**PROBLEM TO SOLVE**
Repeat precisely the line in which "Figure 2: Retro" occurs and all lines that follow it in the entries below. Pictures must be omitted.

(Collected data entries)
------------------------------------------------------------------------

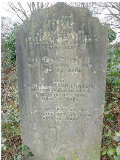
Fairlie family tombstone at Norwood (grave 20,788, square 22)
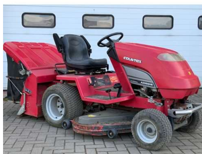
145. M - COUNTAX A20-50 RIDE ON LAWN MOWER WITH COLLECTION BOX 50" HIGH GRASS CUTTING DECK
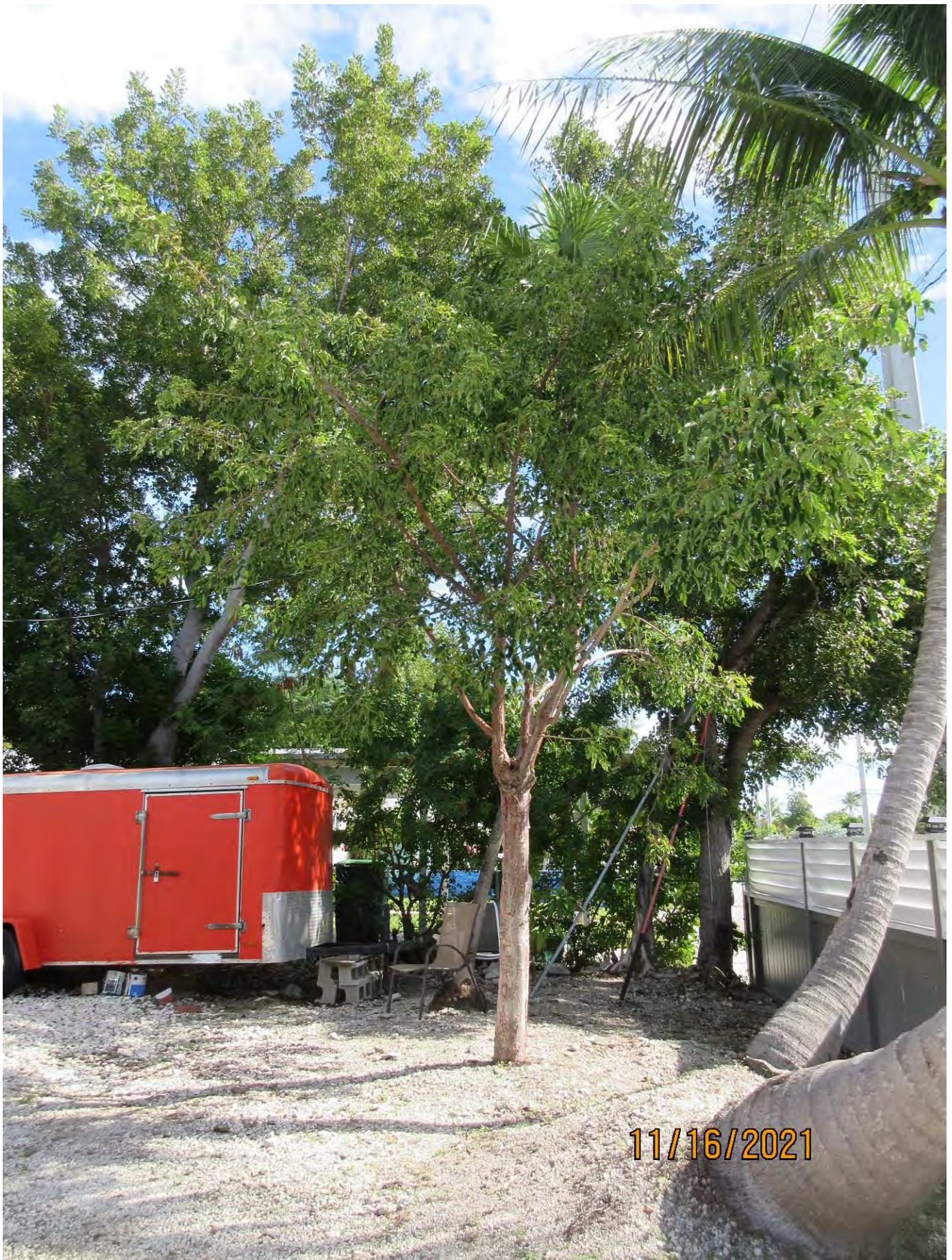
Photo of whole tree, view 1.
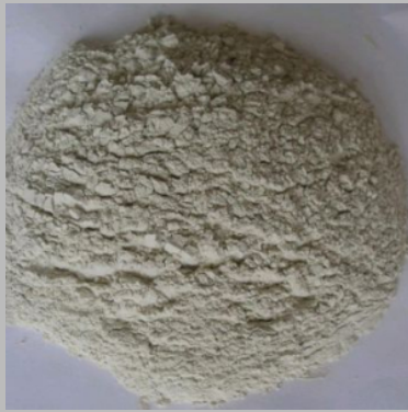
Activated Bleaching Earth Powder
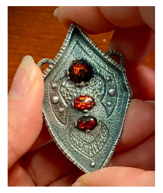
Fine Silver 960 Metal Clay and Pink Lady Cultured Opal Trillion by Holly Gage
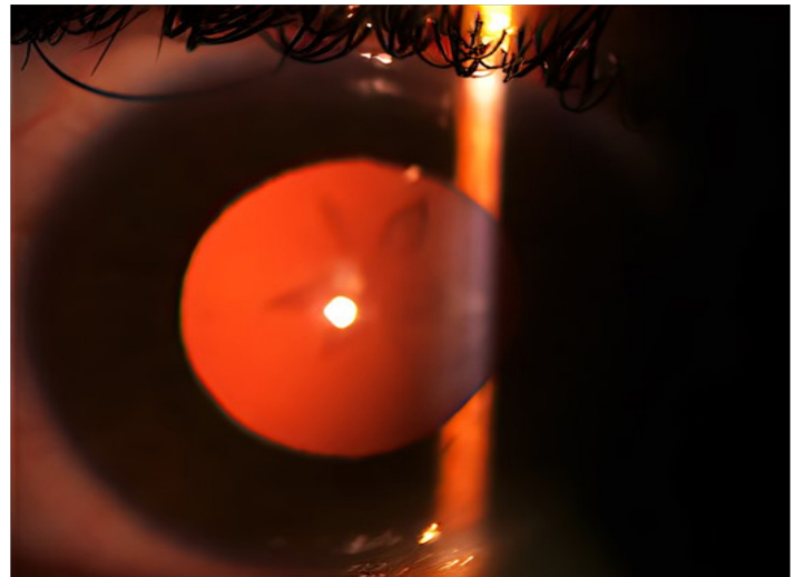
Figure 2: Retro illumination view of the right eye's rosette cataract
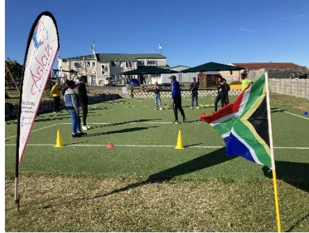
Understanding why set up is important

------------------------------------------------------------------------

**WRITTEN REPLY**
Figure 2: Retro illumination view of the right eye's rosette cataract
Understanding why set up is important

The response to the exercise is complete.